How to Make Practical Arrangements for Heart Disease

In most areas you will be notified when you have to go into hospital a week or two beforehand. You may be told to stop certain drugs beforehand – so visit the doctors office to check with your doctor or consultant.

During the run-up to your operation you will also need to make practical arrangements: someone to look after you when you go home, arranging for someone to keep an eye on your house if it is to be empty, getting someone to look after any pets you have and packing your bag. You will usually be given a list of what you need to take in by the hospital. Don’t forget to have some small change for telephone calls. It may also be a good idea to pack a relaxation tape and a tape recorder. The following advice is based on information contained in London’s St George’s Healthcare Trust leaflet, Preparing for Heart Surgery:

Practical Arrangements

  • Discuss who will be taking you home from hospital.
  • If you are being driven home by a member of the family or a friend it is helpful to get a small cushion to place between your chest and seat belt, as by law you still have to wear a seat belt after your operation.
  • In the first two weeks after you get home it is helpful to have a family member with you to give general support.

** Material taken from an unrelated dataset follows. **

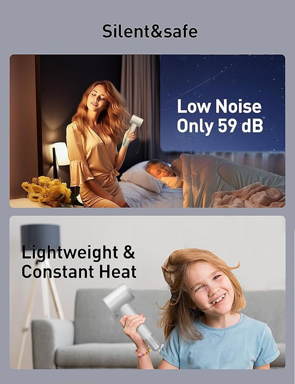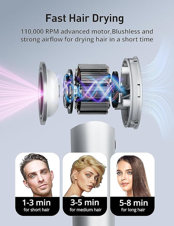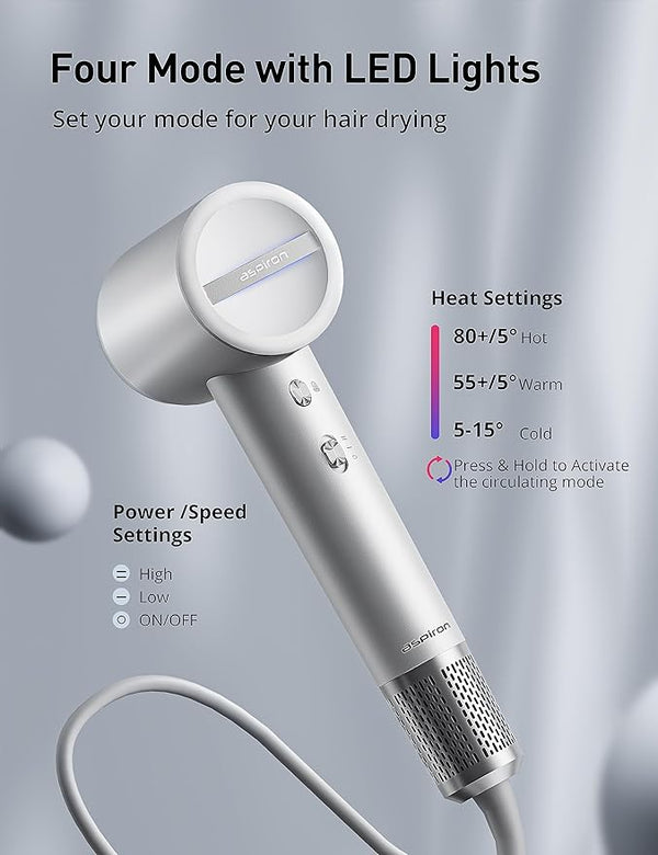 Say goodbye to frizz and hello to gorgeous hair with the Aspiron high-speed hair dryer. Utilizing an advanced 110,000 RPM brushless motor and releasing 200 million negative ions, this travel hair dryer enjoys a 50% faster drying speed and 50% smoother results while reducing unwanted frizz by 60%. Four heat settings cater to your needs with just the touch of a button. The compact, stylish and lightweight design makes it an essential for homes, the office, vacations, business trips, etc.
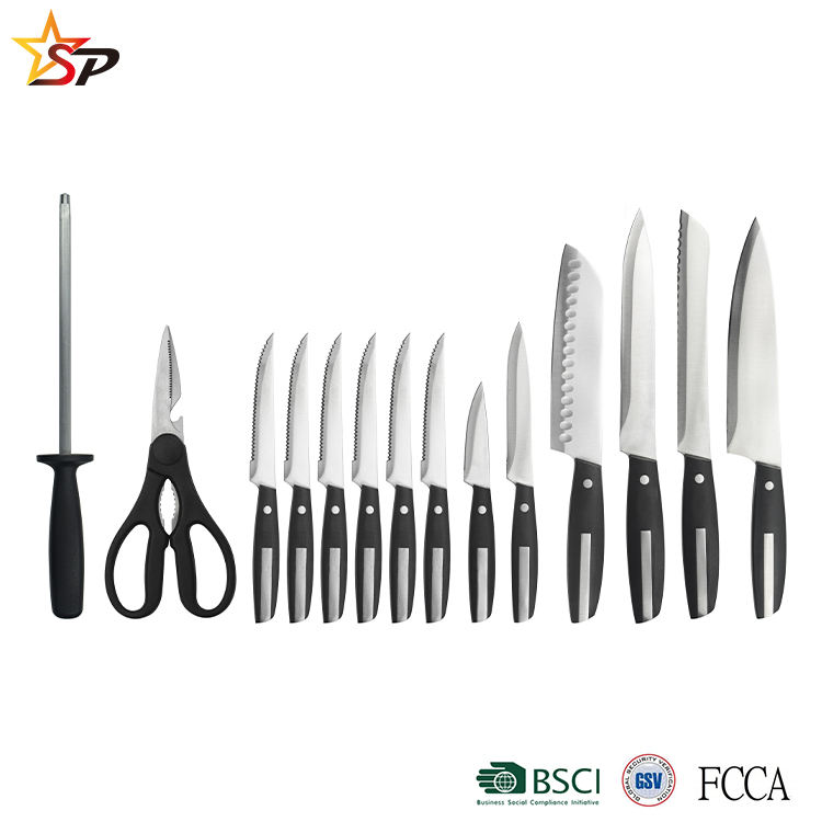 High Quality 15 Pcs Stainless Steel POM Handle Kitchen Knife Set

They may need to arrange to take time off work.
  • Some people like to go to a convalescence home after their operation. Such homes are almost always private. Staff at the hospital may be able to advise you on one in your area.

In hospital

You will usually be admitted the day before your operation and will usually have to have a chest X-ray, ECGs, blood and urine tests to make sure that the doctor has a full picture of your current health. Hospitals may also use a C-Arm Rental serviceĀ as a cost-effective way to take advantage of x-ray technology without the associated risks of purchasing a C-Arm. You will also be asked about your drinking and smoking habits and any drugs you are taking regularly. It is important to be completely honest as they may affect your recovery.

The anesthetist will usually visit you some time during the day or evening before your operation to explain what is involved, your chest will be washed with an antiseptic solution and – if you are a man and have a hairy chest – will be shaved. You will not be able to have anything to eat after midnight because anesthesia is safer on an empty stomach.

On the morning of your operation you will be given a mild tranquillizer to help you keep calm, electrodes will be attached to you so your heart can be monitored throughout the operation. You will be given a general anesthetic (the last thing you will remember is likely to be the anesthetic drug given in your veins). Intravenous lines will be inserted into the veins of your arm or wrist to allow the anesthetist to drip drugs directly into your bloodstream and to keep your body fluid level balanced. One of these lines is threaded all the way up to the vena cava, a large vein near the heart. Another allows the staff to monitor your blood pressure and oxygen level in your arteries. You will also have catheters (fine tubes) inserted into your neck vein to monitor blood flow and arterial pressure and also a urinary catheter to collect urine (a sign of how well the kidneys are functioning). A tube called an end tracheal tube is inserted into your windpipe. This is connected to a respirator, a machine that breathes for you. Another tube called a nasogastric tube is inserted to collect stomach fluids to avoid your being sick.